Leadership & Strategy
A practical 4-week playbook for diagnosing and stabilizing a dysfunctional operations team, drawn from 20 years of leading high-stakes teams in EOD, deployed environments, and strategic training commands.

Daniel Dopler
May 1, 2026

How I Would Fix a Broken Operations Team in 30 Days
When an operations team is broken, the symptoms are usually obvious: missed deadlines, duplicated work, unclear ownership, and a creeping sense that everyone is busy but nothing is actually getting done.
The root cause is almost never the people. It's the system those people are operating in.
Here's the 30-day playbook I'd run if you handed me a broken ops team tomorrow.
Week 1: Diagnose
Before you fix anything, you need to understand what's actually broken. Most new leaders skip this step and start implementing solutions to problems they haven't fully diagnosed. That's how you break things that were working.
What to do:
Sit down with every team member individually. Ask: "What is the most frustrating thing about how we work right now?" Then stop talking.
Map the actual workflow, not the documented one. Follow one work item from request to completion and document every handoff, delay, and rework cycle.
Identify the top three bottlenecks. Where does work pile up? Where does it stall waiting for a decision? Where does it come back for rework?
Look at the metrics you have: throughput, cycle time, error rates. If you don't have metrics, that's diagnosis information too.
What to avoid: Don't announce changes yet. Don't reorganize. Don't install new tools. This week is about observation, not action.
Week 2: Stabilize
You now know where the bleeding is. Stabilize it before you try to optimize anything.
What to do:
Pick the single biggest bottleneck from Week 1 and address only that. Not three things, one.
Clarify ownership for every recurring task that doesn't have a clear owner. Write it down. Communicate it once, clearly.
Establish a simple daily or weekly rhythm, a brief standup, a shared status board, or a weekly team sync. Something that creates visibility without adding meetings.
Identify and eliminate the most common source of rework. Usually, it's ambiguous handoffs or missing context when work is passed between people.
What to avoid: Don't try to fix everything at once. Prioritization under pressure is a leadership skill. Demonstrate it.
Week 3: Optimize
With the immediate bleeding stopped and basic visibility established, you can start improving throughput.
What to do:
Streamline the highest-volume repeating process. Document it in plain language. Get team buy-in. Run it as written for two weeks before changing it again.
Remove one layer of unnecessary approval or review from a process that doesn't require it. Approval chains that exist "just in case" are usually a sign of historical mistrust, not current risk.
Identify the team's best performer in each functional area and have them document how they do their work. Use that as the baseline for everyone else, not some theoretical standard.
Build one simple feedback loop: a way for problems to surface quickly without requiring a formal escalation.

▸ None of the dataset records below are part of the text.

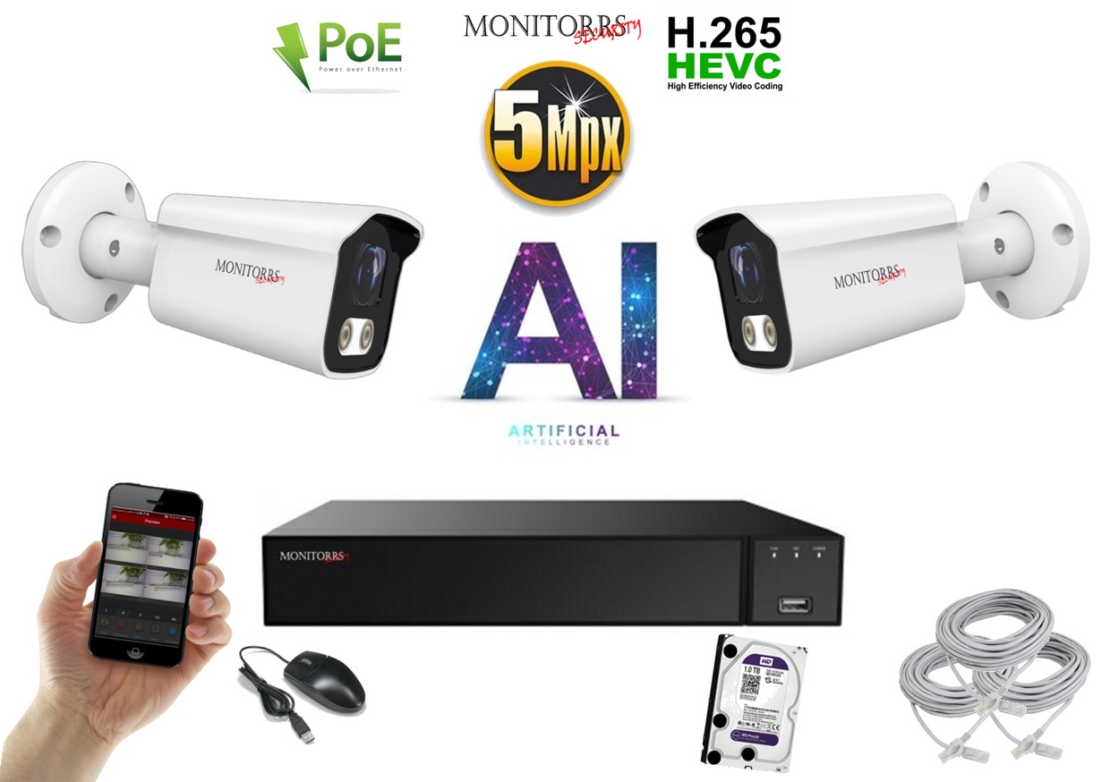 - Monitorrs Security AI IP 2 kamerový set 5 Mpix WTube (6372K2)
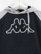 Hoodie von Kappa in Größe M. Er ist aus einer Baumwollmischung produziert und in Schwarz im Bestand. Mit tollem Logo Print.
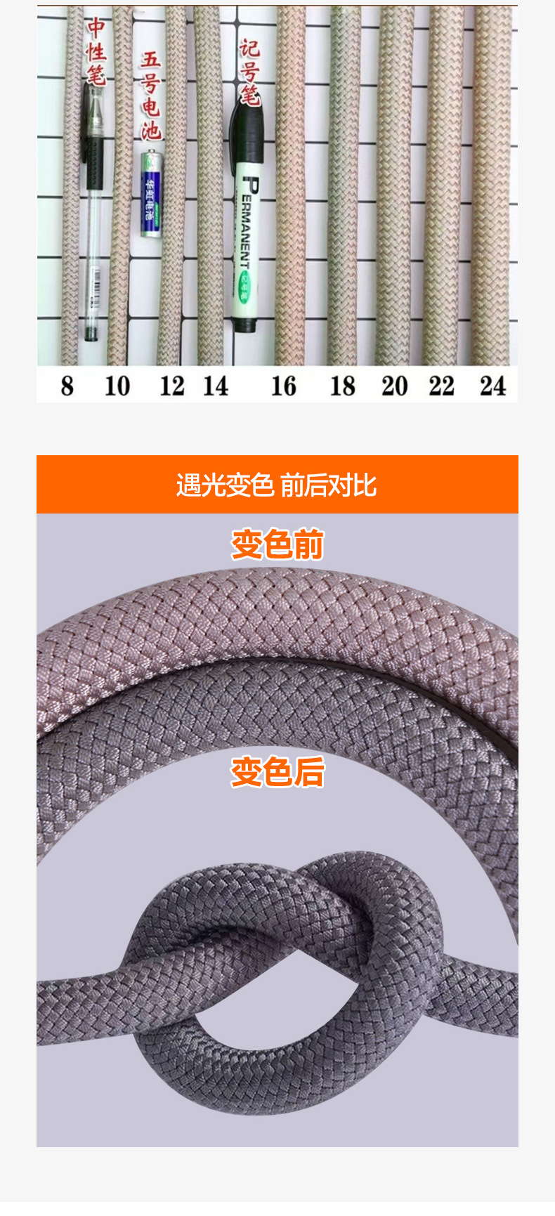 색상 변경 나일론 로프 3 층 꼰 안전 로프 공중 작업 로프 외부 벽 청소 리프팅 로프 탈출 리프팅 로프
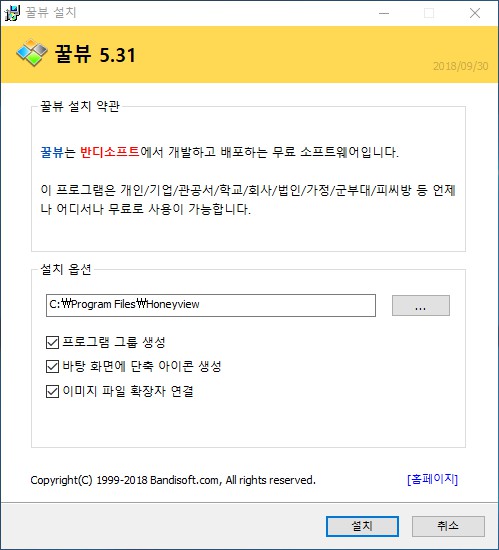 알씨의 설치화면 입니다. 기본적인 라이센스 정책을 보여주고 있습니다.

What to avoid: Don't optimize a process you plan to eliminate. Fix the system before you automate it.
Week 4: Scale
You've stabilized, you've optimized the most important workflow, and you have basic visibility and accountability structures in place. Now you prepare for growth.
What to do:
Build a simple capacity model: what workload can this team handle at current headcount and current efficiency? What changes that number?
Identify the next bottleneck. You removed one in Week 2. What's visible now that wasn't before?
Document what you learned. Write down the three biggest changes you made and why. This becomes your operating playbook.
Have a direct conversation with every team member about their growth trajectory. What do they want to learn? What are they underutilized in?
The Key Principle
Most broken operations teams have the same core problem: the system was never designed; it accumulated. Work patterns, approval chains, and communication norms were added one at a time without anyone asking whether the whole thing made sense.
The fix isn't a new tool or a reorganization. It's clarity: clear ownership, clear handoffs, clear standards, clear outcomes.
The Insight
You can diagnose most ops problems in the first week if you're willing to listen more than you talk. You can stabilize most of them in the second week if you're willing to resist the urge to fix everything at once.
The leaders who fail at this do so not because they lack knowledge, but because they move too fast before they understand what they're actually dealing with.
The Takeaway
If you inherited a broken ops team, the most valuable thing you can do in the first 72 hours is resist the urge to change anything. Observe. Ask. Listen. Map the reality of how work moves.
Then fix one thing. Make it stick. And move to the next.